Overall feature importance

A total of 1032 features, including structural features (n = 1024) and physicochemical descriptors (n = 8), were used for model development. Among them, the features which were generally important in predicting DILI were determined. All features were ranked by measuring the effect of the permutation of the variables on performance. To achieve robustness, the permutations were repeated 50 times, and the AUROC was used as the performance metric. The permutation feature importance results obtained from the RF, LGBM, and LR models are illustrated in Fig. 4. Of the 1032 features, the 10 most important features obtained by the model are shown. In the y-axis of the figures, the word indicates one of the physicochemical descriptors, and the number indicates one of the structural features. Additionally, the top 3% most feature importance results are displayed in Additional file 1: Fig. S4.
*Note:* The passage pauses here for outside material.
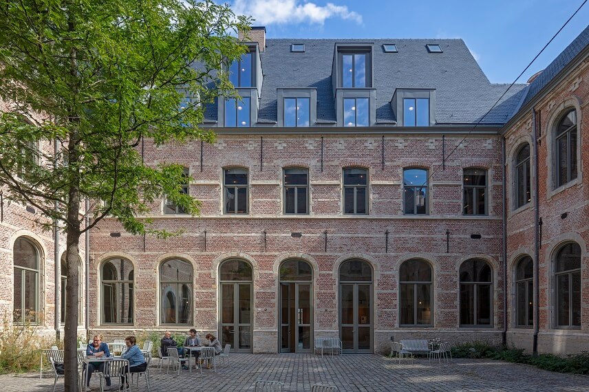 Lancé en 2011 par le maître-architecte de la région Flandre, le concours visant à réhabiliter l’ancien monastère baroque de Malines – érigé au XVIIe siècle puis par la suite transformé en hôpital et en caserne – a été remporté par de Korteknie Stuhlmacher Architecten (KSA), un cabinet d’architecture néerlandais auquel ont été associés Bureau Bouwtechniek et Callebaut Architecten.

In the RF model, the substructural features of 356, 849, 314, 227, 464, 935, 893, and 798 showed a high importance in the order (Fig. 5a). Additional file 1: Table S4 shows the molecular substructures corresponding to these features. For the physicochemical descriptors, ALOGP and AROM showed high importance in the order. ALOGP, the most important feature in the RF model, was significantly higher than other features, with a mean of 0.006 and a standard deviation (SD) of 0.0029 for the decrease in the AUROC. In the LGBM model, the substructural features of 80, 464, 378, 806, 314, 392, 981, and 650 showed a high importance in the order (Fig. 5b). Additional file 1: Table S5 shows the molecular substructures corresponding to these features. For the physicochemical descriptors, ALOGP and AROM showed high importance in the order. ALOGP, the most important feature in the LGBM model, was significantly higher than other features, with a mean of 0.0521 and an SD of 0.016 for the decrease in the AUROC. In the LR model, substructural features of 237, 80, 486, and 392 showed a high importance in the order (Fig. 5c). Additional file 1: Table S6 shows the molecular substructures corresponding to these features. For the physicochemical descriptors, ROTB, AROM, HBD, ALOGP, MW, and HBA showed high importance in the order. ROTB was the most important feature in the LR model, with a mean of 0.0375 and an SD of 0.0185. The feature importance with coefficient in the LR model was further analyzed (Fig. 5d). Substructural features of 464, 612, 659, 392, 138, 807, and 80 showed a high importance in the order. Additional file 1: Table S7 shows the molecular substructures corresponding to these features. For the physicochemical descriptors, HBA, AROM, and ROTB showed high importance in the order. The feature importance in the LR model was analyzed in two ways. ROTB, AROM, HBA, and substructural features of 80 and 392 were found to be of common importance in both methods.

In all models, the importance of each feature was identified. Analyzing the results of the feature importance, substructural features of 80 and 464 showed a high correlation with the DILI prediction. As mentioned in the ‘Molecular descriptor’ section, binary vectors of the ECFP6 represent the molecular substructures in bits through a hash function. In this process, there may be collisions between bits where the features and molecular structures do not correspond exactly one-to-one. Thus, the molecular substructures corresponding to the features of 464 and 80 were additionally identified. The molecular substructures associated with the features of 464 and 80 were identified in several compounds and are shown in Table 2.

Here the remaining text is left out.